Her personal life is superficially traditional, but again, she does it her way. The eternal marriage to Carl Dean – who never appears in public with her because he doesn’t like wingdings, and in fact no one has seen them together in decades – is maintained while she constantly praises him. Parton, who never had children, even had her tubes tied without telling him.

In her book, she references affairs and addresses the rumor that she is in a lesbian relationship with Judy Ogle, her best friend since grade school and who travels everywhere with her. “Forty years of friendship, Judy and I… one thing we’ve had to overcome is the persistent rumor that Judy and I are lesbian lovers. It is understandable. Most people can’t understand how two women can be so close and devoted to each other.” They sleep in the same bed and Parton doesn’t care who knows.

Here, then, is a woman whose talent and wealth have given her the opportunity to live an independent life, crossing boundaries wherever she goes.
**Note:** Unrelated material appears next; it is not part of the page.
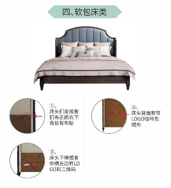 (1)床头扪皮或者扪布正面右下角处有布标;

To her, the word feminist connotes man-hating, so she shuns it. Her younger sister reprimanded her for not speaking up when the MeToo movement emerged. Stella Parton, 69, said: “I’m ashamed of my sister for keeping her mouth shut. She can take charge when it comes to something else, but speak of injustice, Dolly Parton. Speak your mind. And speak out. Defend women, and don’t just do it in a little song. Speak out.”

Instead, Parton jokes about being a woman who only leaves the house without hair and makeup at gunpoint. She has even said that she sleeps in her makeup in case an earthquake happens. She has walked this tightrope her entire life, confronting implicit male behavior without alienating her fan base. She never falls.

There really is no one like Dolly, no matter how she describes herself. Whether she calls herself a feminist or not, Dolly understands the lives of working-class women better than anyone. Her ability to bring people together is the work of an instinctively perfect political operator. Why doesn’t she run the world? In a way, she is. As she says, “I’m just all about girls.” Long may she reign.